I've tried head-of-git QEMU (Mar 9) on my ubuntu-16.04
with the same target Image and rootfs I could not reproduce
the issue.

I've started to play around more trying to reduce the test
case. In my setup with OE qith qemu 2.11.1, if I just passed
'-serial sdtio' or '-nographic', instead of '-serial mon:vc'
- with all things the same image boots fine.

So, I started to suspect, even if problem manifests itself
as some functional failure of qemu, the issue could be some
nasty memory corruption of some qemu operational data.
And since qemu pull bunch of dependent
libraries, problem might be not even in qemu.

I realized that in OE in order to disconnect itself from
underlying host, OE builds a lot of its own "native"
libaries and OE qemu uses them. So I've tried to build
head-of-git QEMU but with all native libraries that OE
builds - now such combinations hangs in the same way.

Also I noticed that OE qemu is built with SDL (v1.2),
and libsdl is one that reponsible for '-serial mon:vc'
handling. And I noticed in default OE conf/local.conf
the following statements:

#
# Qemu configuration
#
# By default qemu will build with a builtin VNC server where graphical 
output can be
# seen. The two lines below enable the SDL backend too.

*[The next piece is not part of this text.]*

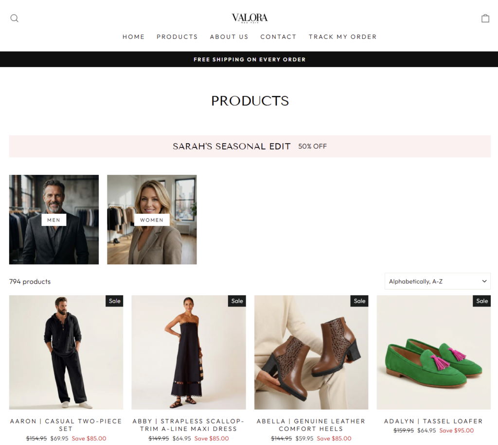 When examined closely, Valora New York follows a common online fashion dropshipping structure. This model is widely used across fast fashion websites that rely on social media ads.

By default 
libsdl-native will
# be built, if you want to use your host's libSDL instead of the minimal 
libsdl built
# by libsdl-native then uncomment the ASSUME_PROVIDED line below.
PACKAGECONFIG_append_pn-qemu-native = " sdl"
PACKAGECONFIG_append_pn-nativesdk-qemu = " sdl"
#ASSUME_PROVIDED += "libsdl-native"

I've tried to build against my host's libSDL and uncommented
above line. It actually failed to build, because my host libSDL
were not happy about ncurses native libraries, so I ended up
adding this as well:

ASSUME_PROVIDED += "ncurses-native"

After that I had to rebuild qemu-native and qemu-helper-native.
With resulting qemu and the same target files, image boots
OK.

With such nasty corruption problem, it always hard to say for
sure, it maybe just timing changes .. , but now it seems it
somewhat points to some issue in OE libsdl version ... And
still it is fairly bizarre, libsdl
that in OE (1.2.15) is the same that I have on my ubuntu
machine and there is no additional patches for it in OE,
although configure options might be quite different.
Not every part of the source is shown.